By Davin Faris, age 15, home-school, Frederick, Md.

The final book by the late Pulitzer Prize-winning poet Mary Oliver, “Devotions,” is nothing short of an abridged life’s work. Its contents span more than half a century, chosen by Oliver herself from 27 of her collections. Yet that scope is easy to forget; one poem follows the next with such completeness that they hardly feel separate at all, each one simply drawing focus to a different corner of the profound natural world that Oliver inhabits.

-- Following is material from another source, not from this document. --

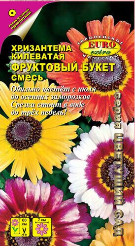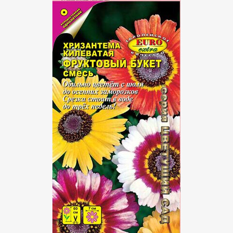 Разноцветная смесь хризантемы килеватой отличных однолетних надёжных сортов порадует Вас обильным и продолжительным цветением с июля и до осенних заморозков. Цветки многочисленные, простые 5-7 см в диаметре, душистые, на прочных цветоносах. Кусты густые, компактные, шаровидные, высотой около 60 см. Используется для украшения цветников, миксбордеров, в горшечной и контейнерной культуре, а также на срезку, которая стоит в воде до трех недель.

“Devotions” centers on the idea of finding answers in ordinary things, the everyday miracles that society has conditioned us to overlook. In truth, nothing Oliver writes about — from the sweetgrass to the wild geese to the dog in the snow — is insignificant. Rather, she renders it meaningful by finding such importance there. The greatest strength of Oliver’s poetry, though, is that she brings the reader into it as well. She doesn’t just recount experiences vividly; she beckons us to walk and wonder beside her. Then she asks of the reader in return, writing: “Did you feel it, in your heart, how it pertained to everything? And have you finally figured out what beauty is for? And have you changed your life?”

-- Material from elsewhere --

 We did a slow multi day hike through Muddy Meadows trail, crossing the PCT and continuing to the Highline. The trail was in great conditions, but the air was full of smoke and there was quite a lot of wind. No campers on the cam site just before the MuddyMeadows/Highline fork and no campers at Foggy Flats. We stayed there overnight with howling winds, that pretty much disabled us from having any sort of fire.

Oliver’s book is founded on such questions, almost accusations, that defy dismissal — after all, not answering is an answer in itself. Each pointed remark is a call for us to simply pay attention. God (or gods) may be invisible, Oliver contends, “but holiness is visible, entirely,” if only we seek it out. While the delicate imagery and starkly accurate metaphors of this collection make it a pleasure to read, it has far more substance to it. “Devotions” is a set of lessons on how to attend to the world, how to “keep some room in your heart for the unimaginable.” Its pages escort us through “the willows and the honey locust, […] the beech, the oaks and the pines,” past the thrush singing at twilight and to water that wakes our bones. It rejects all notions of separateness, superiority or rigidity. It encounters the divine in innumerable unlikely places, marked not by grandeur but by simplicity.

While her poems occasionally strain under their own whimsy and specificity, following the formula of her other works but lacking the same depth, “Devotions” remains, at its heart, a poignant meditation on experiencing “mysteries too marvelous to be understood.” By coupling the unanswerable with an astounding existential Gnosticism, Oliver reveals how the bare acts of living and noticing can embody prayers more powerfully than words. She urges us, with each verse, to mend the rift between ourselves and everything greater: “Love yourself,” she writes. “Then forget it. Then, love the world.”